(Records from a dataset)
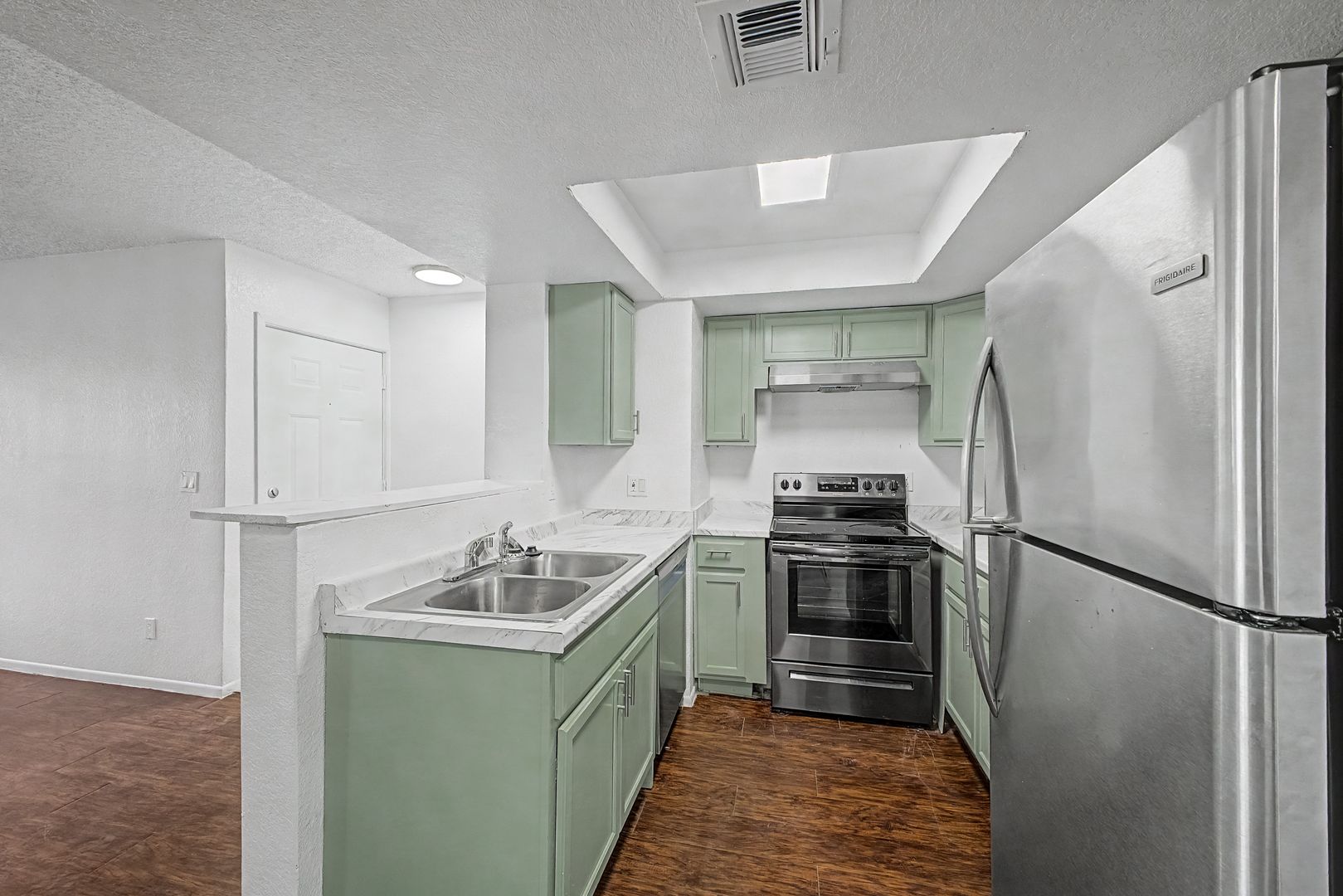 Kitchen open to living area
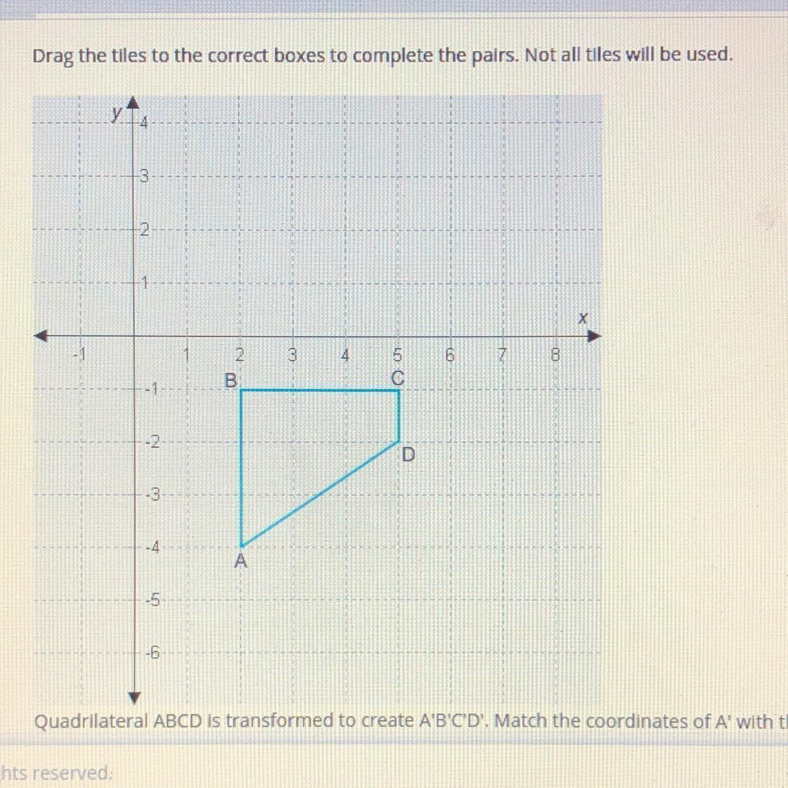 For Quadrilateral ABCD is reflected over the x-axis, the coordinates of A' is at A'(2, 4)
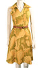 A-line skirt. Metal zipper up the back. Curved darts on bodice front & back.
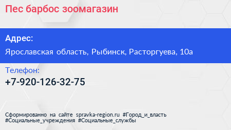 Пес барбос, зоомагазин по адресу Ярославская область, Рыбинск, Расторгуева, 10а в дальнейшем Организация, размещена в следующих категориях:
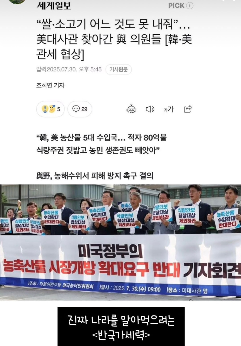 6. 한국이 미국 상품 개방했다. 한국 뉴스와 많이 다릅니다.
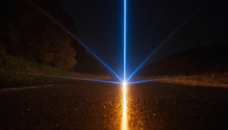 Blue laser beam on asphalt road at night. Long exposure photo.
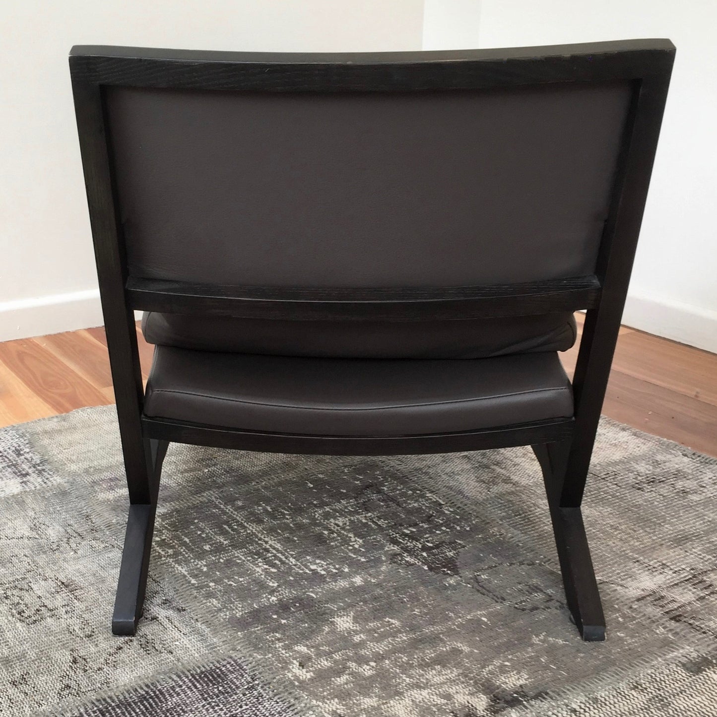Solid ash wood frame with plywood reinforcement, available in grey oak finish. Cushion filled with feather down. Legs come with Teflon glides. The chairs we have on offer are in brown leather.
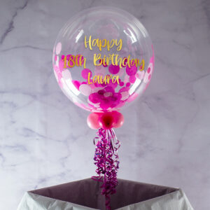 Our confetti filled bubble balloons are the gift or decoration for any occasion, sent fully inflated on a guaranteed next day delivery service. Each 20″ clear balloon is filled with shades of pink paper confetti, making it look simply stunning when it’s let out of the box. You can personalise your balloon with any message on the outside – just choose your required font and colour. We finish each balloon with four smaller balloons at the base, and matching ribbons and a weight. They will last approx 2 – 4 weeks.
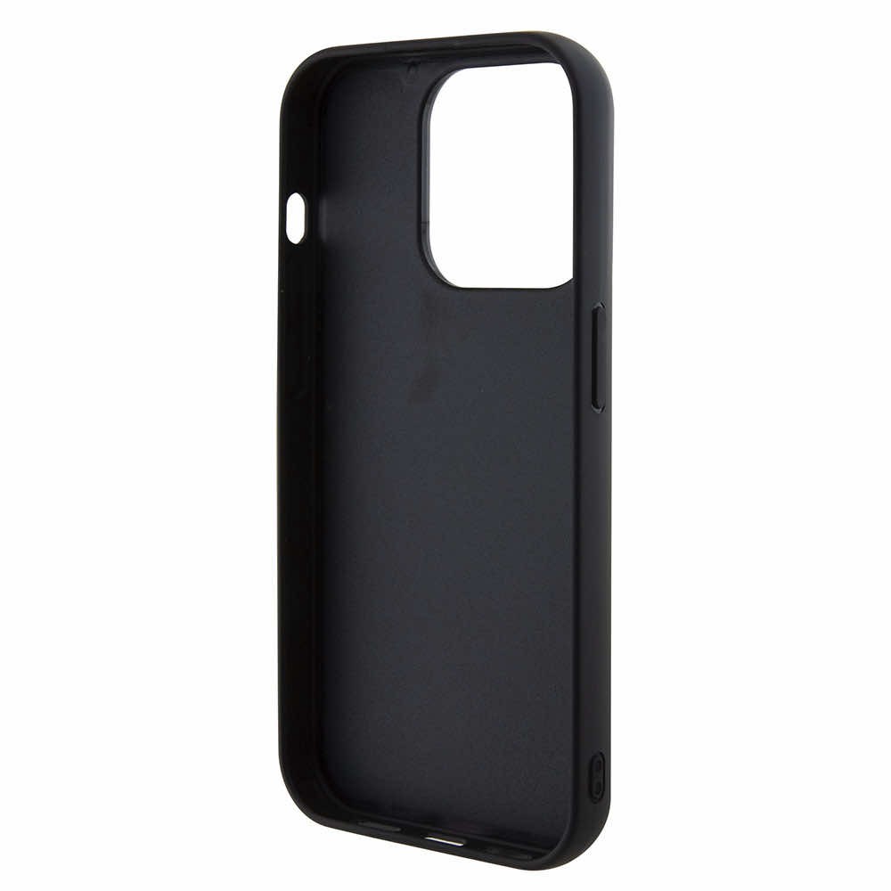 Guess PU Square Mirror Script Logo Leather Hard Case - дизайнерски кожен кейс за iPhone 15 Pro (черен)
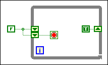 下列示意图显示了不使用计数接线端创建运行2、3和100次循环的While循环。
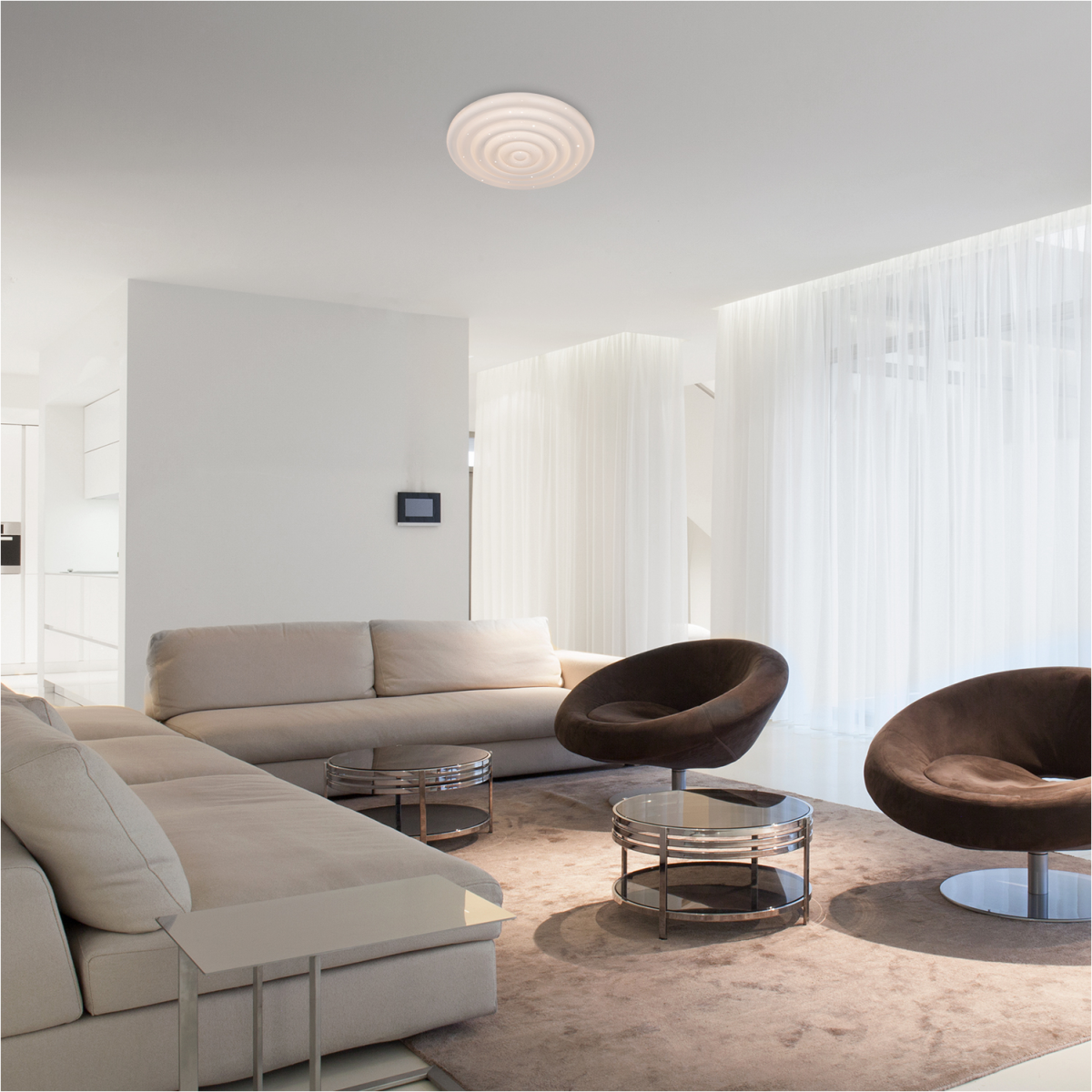 A csillogó effekttel ellátott kerek Katina mennyezeti lámpa szinte bármely modern nappaliba vagy hálószobába ízléses és praktikus választás lehet. A lámpa fehér színének köszönhetően szinte beleolvad a mennyezet jellemzően világos árnyalatába, ugyanakkor csillogó felülete finom és elegáns megjelenést kölcsönöz ennek a modellnek. A fémből készült Katina műanyagbúrával egészül ki, és az F energiaosztályba tartozó beépített LED fényforrással rendelkezik, amelynek a teljesítménye 24 W, fényereje búrával 2050 lumen, búra nélkül 2400 lumen, élettartama pedig igazán fantasztikus: 50 000 óra! A 4000 K színhőmérsékletű fényforrás természetes fehér fénnyel világít, amely modern, tiszta hatást kelt, így ideális otthonunk nagy forgalmú helyiségeibe. A mennyezeti lámpa átmérője 380 mm, mennyezettől mért távolsága 70 mm.
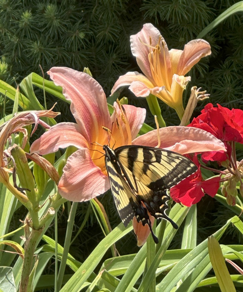 I wanted a garden to attract bees, hummingbirds and butterflies, so I started researching which plants are the best to attract them. The following plants are what we have as of today in the garden: 2 butterfly bushes, purple cone flowers, beebalm, black-eyed Susan’s, rosemary, spearmint, peppermint, honeysuckle, geraniums, marigolds, and day lillies. I placed small bee cups in the garden, so they won’t drown getting drinks of water. These are small ceramic flowers that hold about an ounce of water, for bees and other things to protect them. I learned about these the hard way, after I placed a large container water in the garden and lost several bees. We also, do not use any pesticides that would harm the wildlife. Now, every day in the garden we have Monarch butterflies, swallowtails, and many different types of bees.
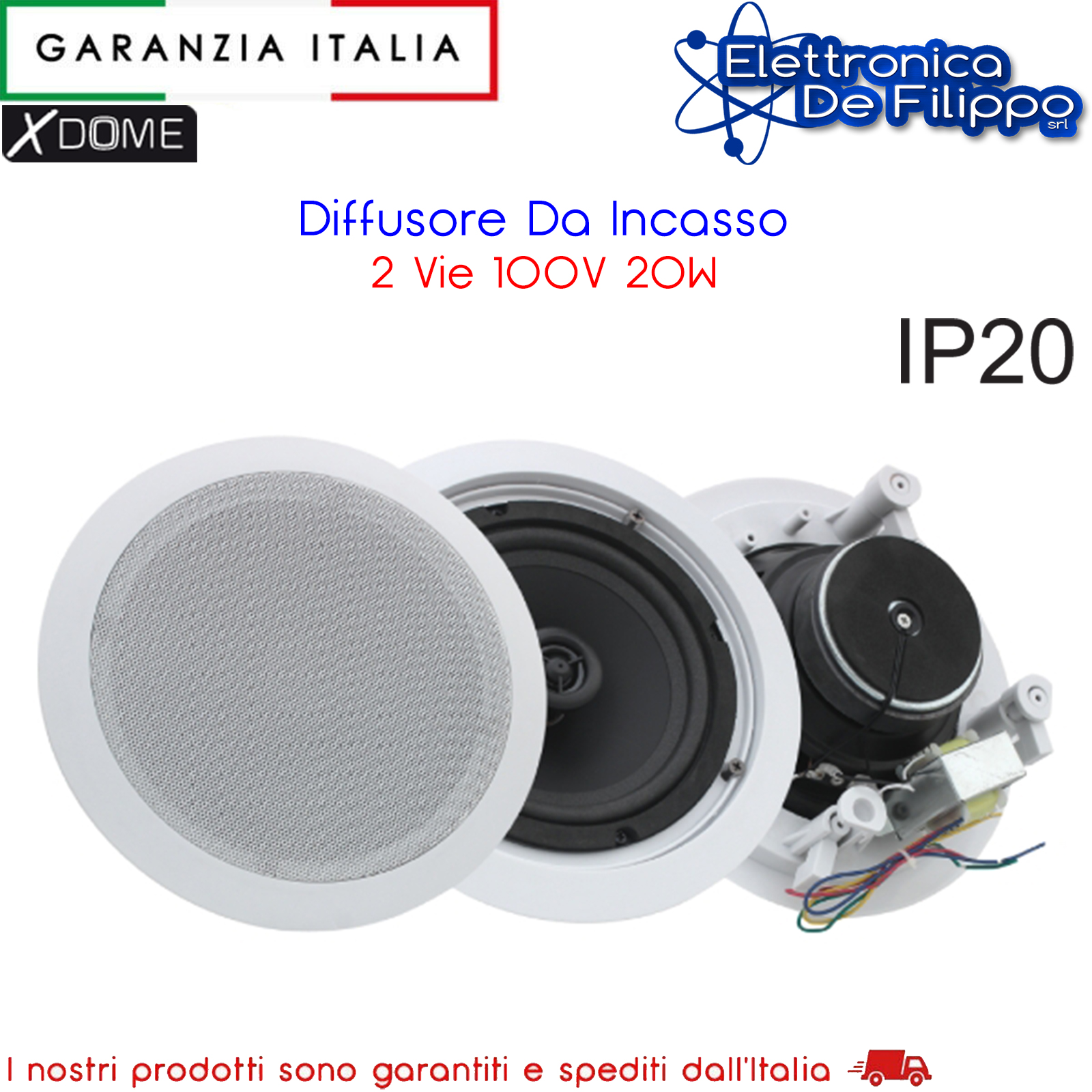 Serie di diffusori professionali a due vie coassiali 100V da incasso. Sono provvisti di woofer con cono in polipropilene e sospensione in gomma in grado di offrire un ottima risposta alle basse e medie frequenze, mentre il tweeter a cupola garantisce un elevato livello di pressione sonora alle alte frequenze. Questi diffusori sono dotati di ganci rapidi per un fissaggio semplice e sicuro nelle controsoffittature. Le loro caratteristiche assicurano un eccellente riproduzione sonora in tutta l'area di ascolto. Particolarmente indicati per l'utilizzo in una vasta gamma di ambienti quali negozi, sale di attesa, sale conferenze, ristoranti, hotel, ecc.
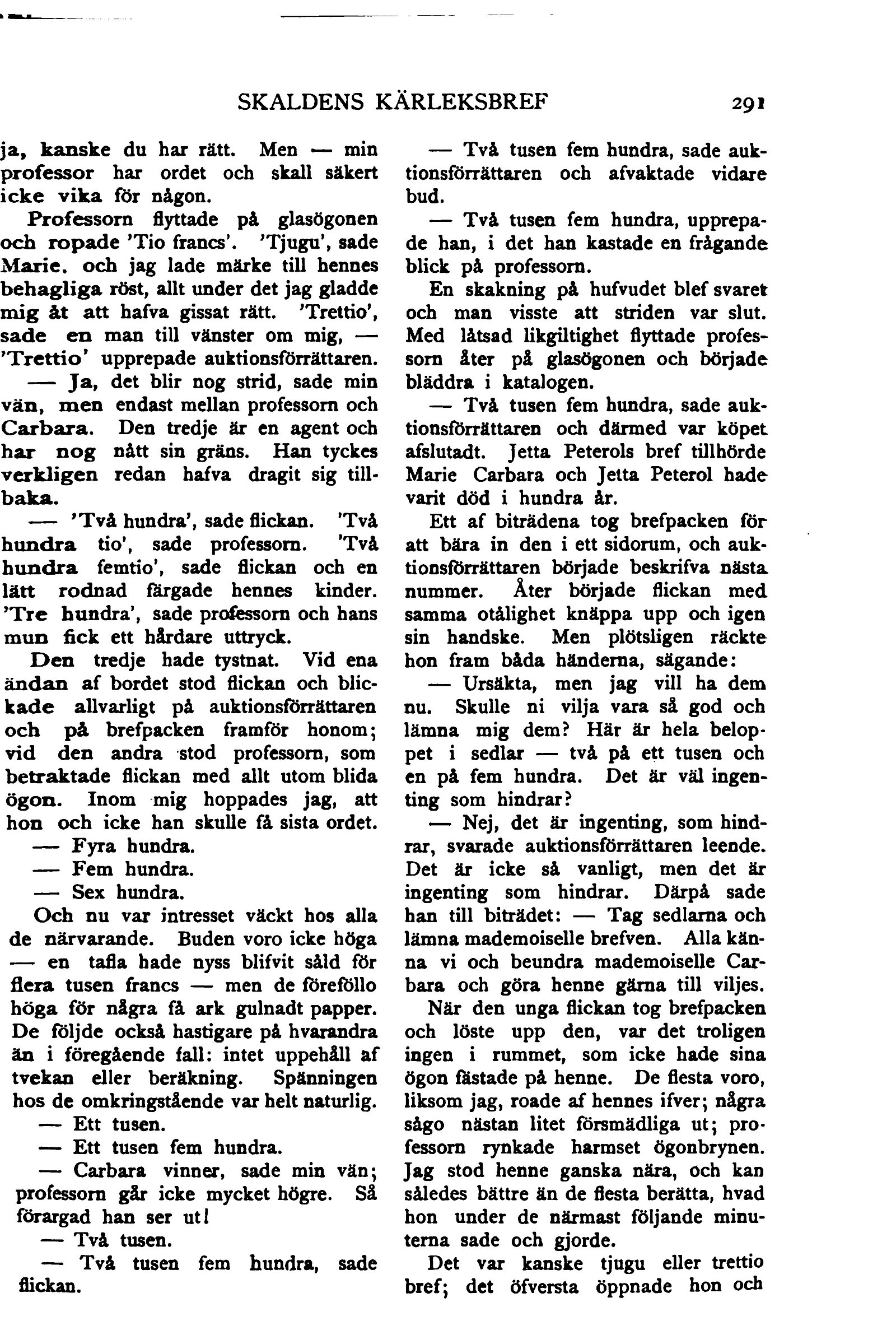 och ropade ’Tio francs’. ’Tjugu’, sade

Exercise
All that is needed is an exact copy of the lines from the top of the entries through the line containing "Solid ash wood", pictures left out.

Task response
 Kitchen open to living area
 For Quadrilateral ABCD is reflected over the x-axis, the coordinates of A' is at A'(2, 4)
 A-line skirt. Metal zipper up the back. Curved darts on bodice front & back.
 Пес барбос, зоомагазин по адресу Ярославская область, Рыбинск, Расторгуева, 10а в дальнейшем Организация, размещена в следующих категориях:
 6. 한국이 미국 상품 개방했다. 한국 뉴스와 많이 다릅니다.
 Blue laser beam on asphalt road at night. Long exposure photo.
Solid ash wood frame with plywood reinforcement, available in grey oak finish. Cushion filled with feather down. Legs come with Teflon glides. The chairs we have on offer are in brown leather.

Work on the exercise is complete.